Zurich Insurance Company Ltd. c. Procureur général du Québec

Morissette, Rancourt, Baudouin


Appeal from a judgment of the Superior Court granting an application to dismiss due to presumed discontinuance and an application to dismiss due to abuse of procedure. Allowed.

The appellants are the insurers of three companies (“Cascades”, “Abitibi-Price”, and “Alcan”) that sustained significant damage in 1996 during the “Saguenay flood”. After indemnifying their insureds, they instituted actions in subrogation against the respondents between 1997 and 1999.

The Superior Court granted the respondents’ exception to dismiss under article 177 of the Code of Civil Procedure (CQLR, c. C-25.01) (CCP), noting the appellants’ presumed discontinuance of the actions they instituted. Indeed, the court records were inactive between 1999 and 2015 for Cascades, between 1999 and 2019 for Abitibi-Price, and between 2001 and 2018 for Alcan. Relying on Jean c. Agence du revenu du Québec (C.A., 2019-03-15), 2019 QCCA 458, SOQUIJ AZ-51578546, 2019EXP-869, the trial judge analyzed the transitional law principles concerning article 177 CCP. Subsidiarily, the judge also accepted Abitibi-Price and Cascades’ application to dismiss for abuse of procedure under article 51 CCP.

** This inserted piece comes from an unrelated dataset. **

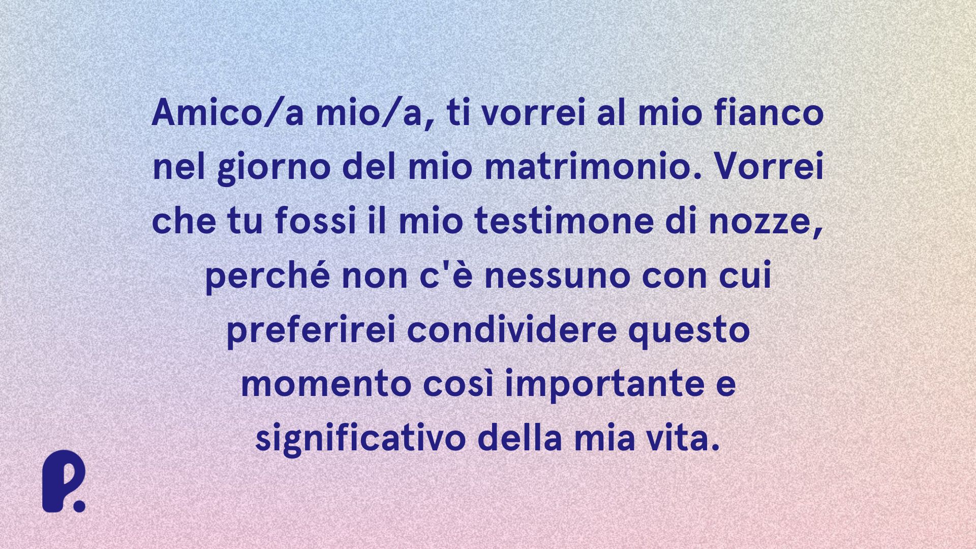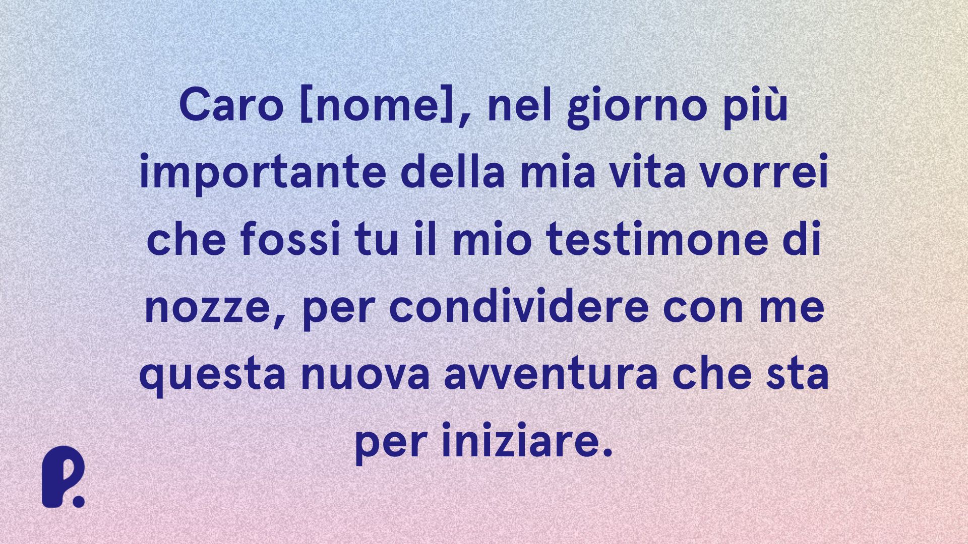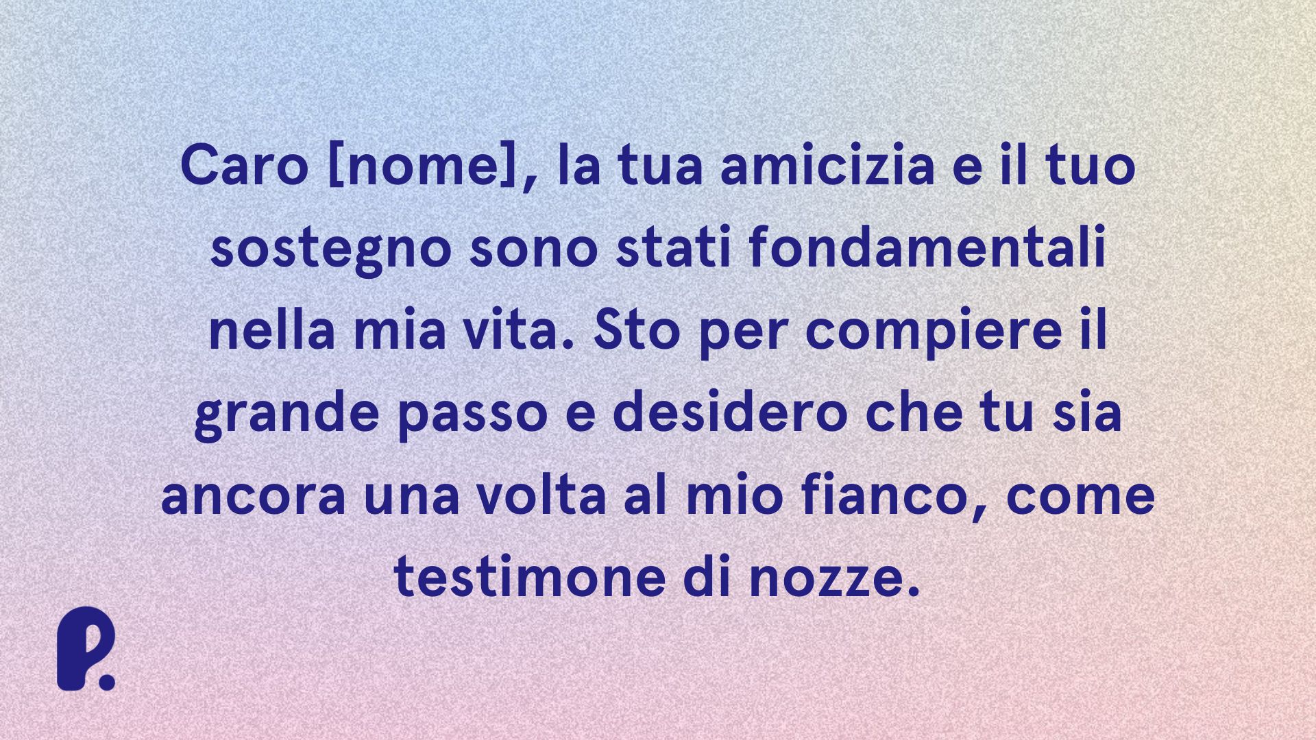- “Caro [nome], ti ringrazio davvero tantissimo. La tua vicinanza nel giorno del nostro matrimonio ci ha gratificati molto. Subito abbiamo pensato a te per affidarti il ruolo da testimone di nozze. Grazie per aver accettato”.
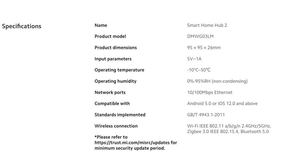 หมายเลขรุ่น:Xiaomi Mi Smart Home Hub 2

The respondents seek the dismissal of the appeal on the grounds that it has no reasonable chance of success and that leave to appeal is required for Abitibi-Price and Cascades’ cases under the third paragraph of article 30 CCP.

With respect to presumed discontinuance, articles 110 and 265 to 269 CCP (former) (CQLR, c. C-25) governed the rules of peremption of suit at the time the appellants instituted their actions, in 1997 and in 1999. When those provisions were repealed in 2003, section 179 of the Act to reform the Code of Civil Procedure (S.Q. 2002, c. 7) provided a transitional provision stipulating that: “[a]ctions instituted before 1 January 2003 are governed by the former legislation, unless the parties agree to proceed under the new rules”. In this case, the parties never agreed to proceed under the new rules. In Jean, the proceedings were instituted in 2015 and were not covered by section 179 of the Act. The trial judge incorrectly considered himself bound by that judgment in ruling in favour of the respondents on this point.

As for the conclusion of abuse of procedure under article 51 CCP, leave to appeal should be granted. Because the appellants were not required to comply with the six-month time limit to set the case down under article 173 CCP, this conclusion must be reconsidered. The length of time that a court file remains inactive is usually sufficient to establish the appearance of abuse of procedure under article 52 and the second paragraph of article 53 CCP, but it is insufficient on its own to dismiss an application under the first paragraph of article 53 CCP. In this case, the files are extensive, they raise important issues, and they are the result of exceptional circumstances. The preliminary dismissal of Abitibi-Price and Cascades’ cases was not an appropriate remedy.